Better Than Takeout, Here’s Why
- One skillet, easy cleanup
- Tastes just like Panda Express, with less sodium
- Made with pantry staples
- Ready in 35 minutes, faster than takeout
- Customizable heat level and veggies
Ingredient Notes

Find the full printable recipe with specific measurements below.
- Chicken: I’m using boneless skinless chicken breast, but swap for chicken thighs.
- Soy sauce: I like to use a low sodium soy sauce, you can use coconut aminos.
- Kosher salt: I love using kosher salt with meats. It really helps bring out the flavor.
- Cornstarch: This is used as a thickening agent for the sauce.
- Rice vinegar: I love the flavor this vinegar adds to the sauce. If you don’t have any on hand you can always swap with distilled vinegar.
- Oil for cooking: I typical use vegetable oil for frying, but you can swap for peanut or olive oil.
- Sesame oil: This honestly makes the dish. It adds the best flavor. Don’t skip.
- Bell peppers: These add the perfect amount of color and crunch. I like to use red bell pepper and green bell pepper.
- Zucchini: We love adding this in the summertime. If it’s not in season, you can omit.
- Green onions: I love adding these or scallions on top of the dish for flavor and color.
- Garlic: 4 garlic cloves will add the perfect amount of flavor to the chicken. You can use fresh or the minced garlic from the jar. We also like to use the frozen cubes.

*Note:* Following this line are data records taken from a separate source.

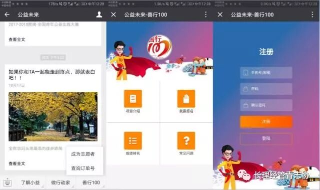 微信关注“公益未来”公众号完成善行100志愿者报名
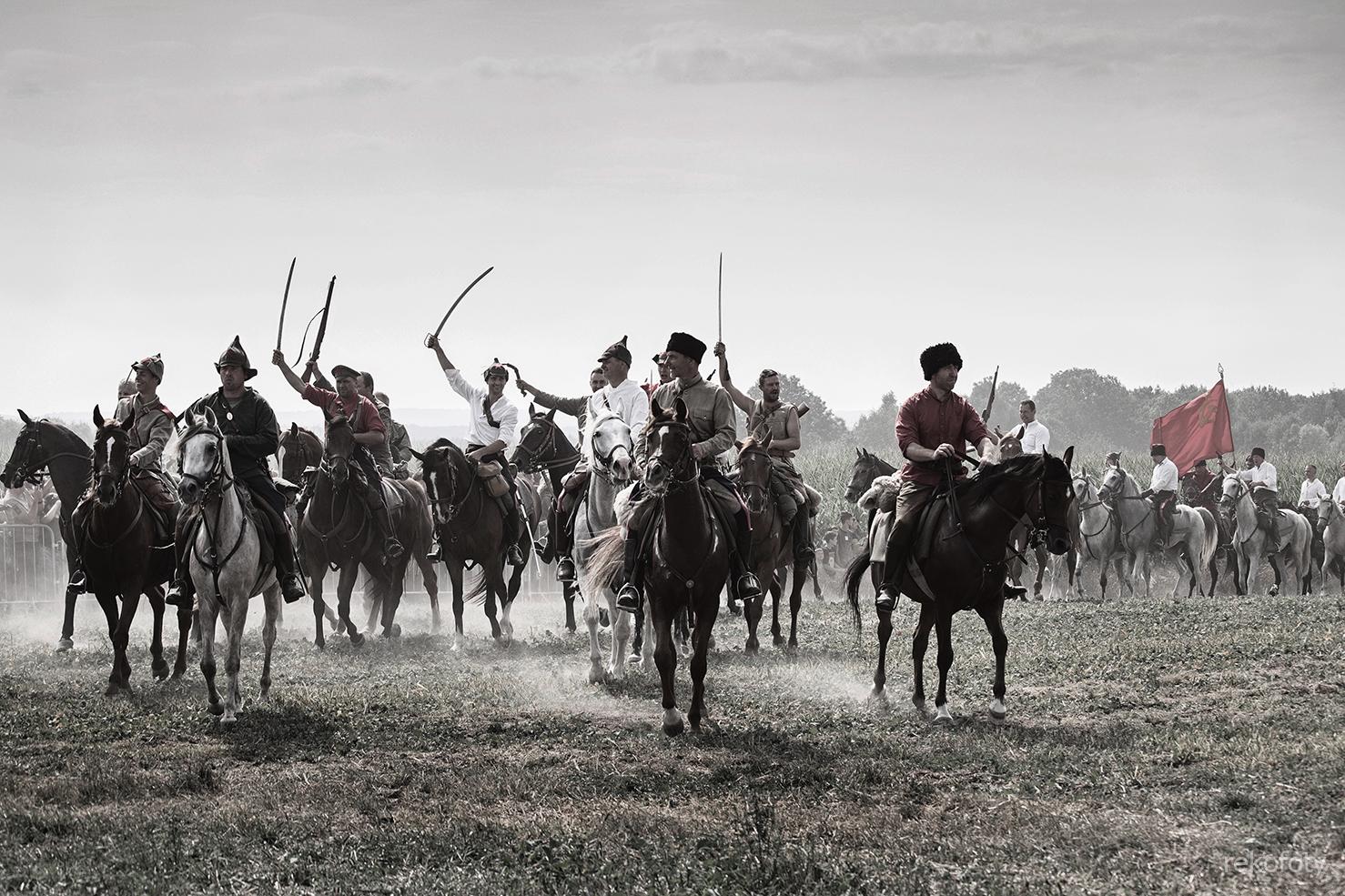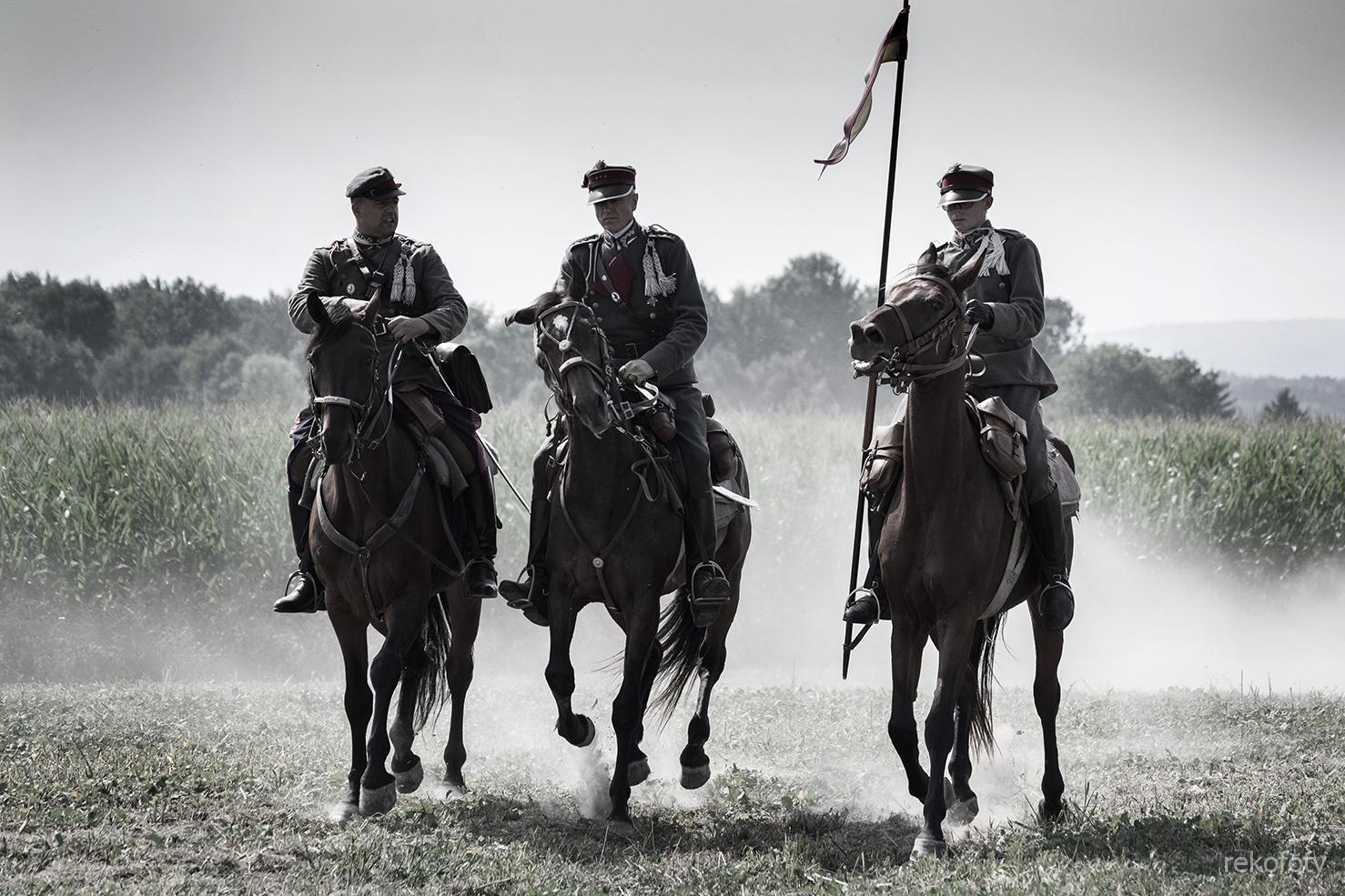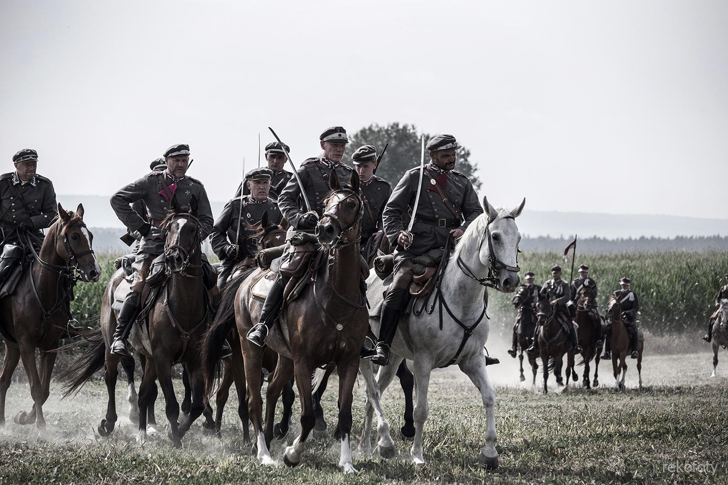 Po około godzinie na polach rozpoczęła się inscenizacja. Każdy z nas zajął upatrzoną przez siebie pozycję, wybierając najlepsze miejsce w swoim mniemaniu. Ha, ha. Taka już jest niepokorna natura fotografa, co jest piękne – dzięki temu z tej samej imprezy powstają różne ujęcia i odmienne spojrzenia na temat. Inscenizacja zrobiła na mnie ogromne wrażenie. Ostatni raz byłam tak podekscytowana podczas szarży husarii pod zamkiem w Gniewie. Ułani i ich konie prezentowali się wspaniale, tworząc niemal jeden zsynchronizowany organizm. Idealna synchronizacja i harmonijne zespolenie człowieka ze zwierzęciem. Mam nadzieję, że udało mi się choć w części uchwycić to zjawisko na moich zdjęciach. Również ekipa odtwarzająca rosyjską armię konną Siemiona Budionnego wykonała znakomitą pracę.
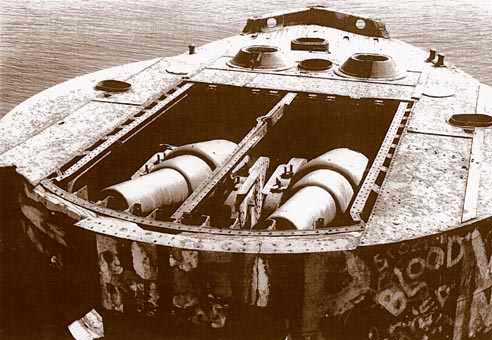 Aft turret guns photo courtesy of John King 1968 76.2 kb |
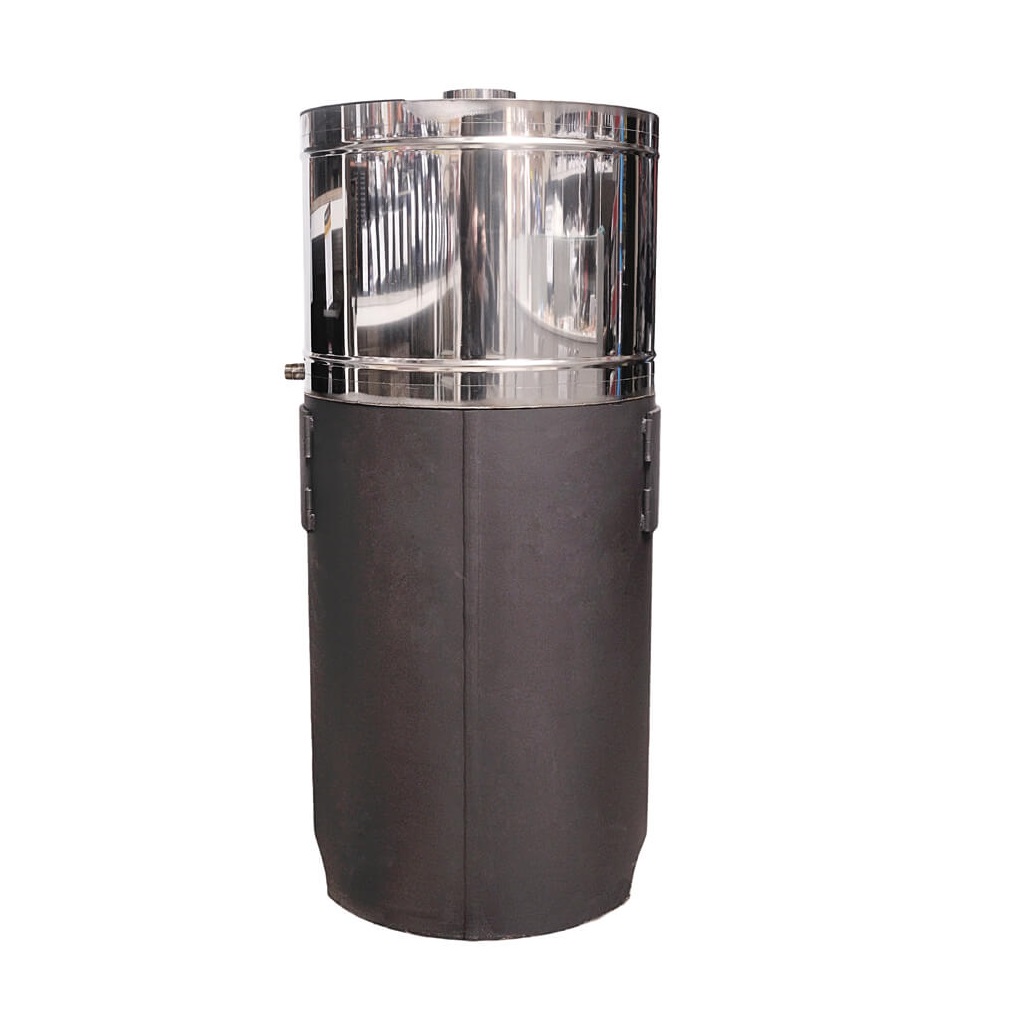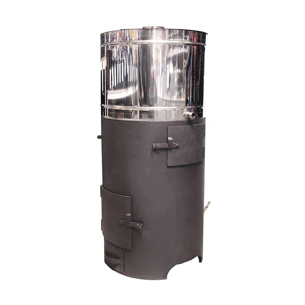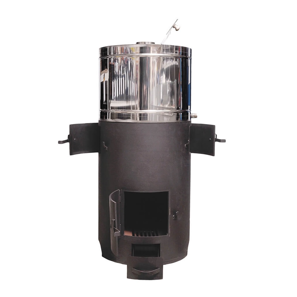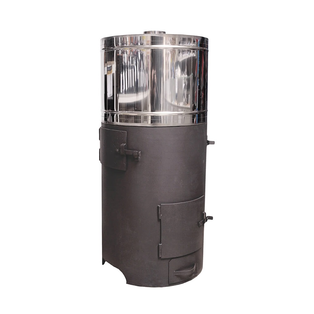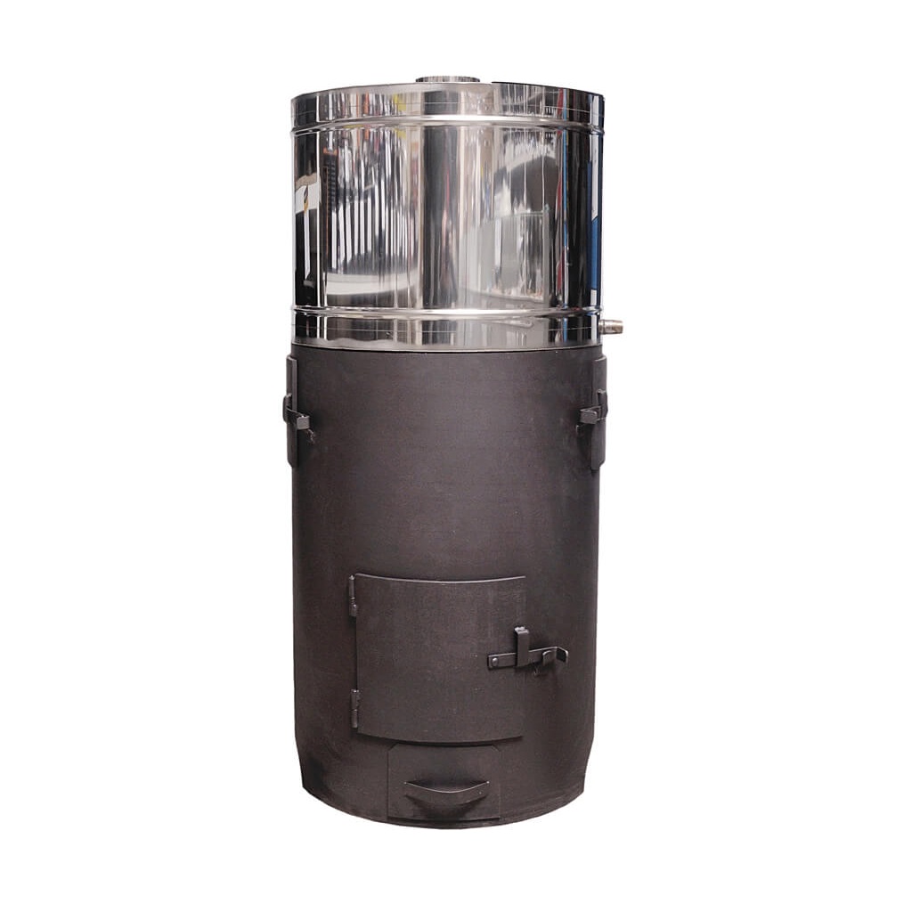 Банная печь с закрытой каменкой. Материал изготовления – сталь толщиной 8 мм. Вид топлива – дрова. Бак устанавливается сверху на основную часть, при необходимости – снимается. Печь имеет несколько модификаций в зависимости от расположения в бане: каменка слева, каменка справа, проходная (сквозная) каменка. Печь красится жаростойкой краской Certa.

- Ginger: The fresh ginger adds the perfect freshness to this dish.
- Chili peppers: If you’d like a little bit of heat add in some peppers or red pepper flakes. If you want to take up the heat add in a 1-2 teaspoons sichuan peppercorns.
- Roasted peanuts: The nuts add the perfect saltiness and crunch. If you have an allergy, you can definitely omit or swap for a cashew.
How to Make This Copycat Recipe
Marinate the chicken first. This step is non-negotiable. The cornstarch-soy marinade is called velveting, and it’s the difference between rubbery stir-fry chicken and the silky, tender bites you get at a real Chinese restaurant. Don’t skip it.
Sear the chicken hot and fast. Get the pan really hot before the chicken goes in. If you crowd it, the chicken steams instead of getting that nice golden edge, so cook it in batches if your skillet is on the smaller side. Pull it out a little before it’s done, it’ll finish cooking in the sauce later.

Cook the veggies, then build the sauce in the same pan. You want the peppers and zucchini bright and still crisp, three to four minutes max. Nobody wants soggy peppers in their kung pao.
Pull them out, wipe the skillet, then add sesame oil, garlic, ginger, peanuts, green onions, and chili peppers. Let the peanuts toast for about thirty seconds before pouring in the sauce. That’s where all the flavor comes from.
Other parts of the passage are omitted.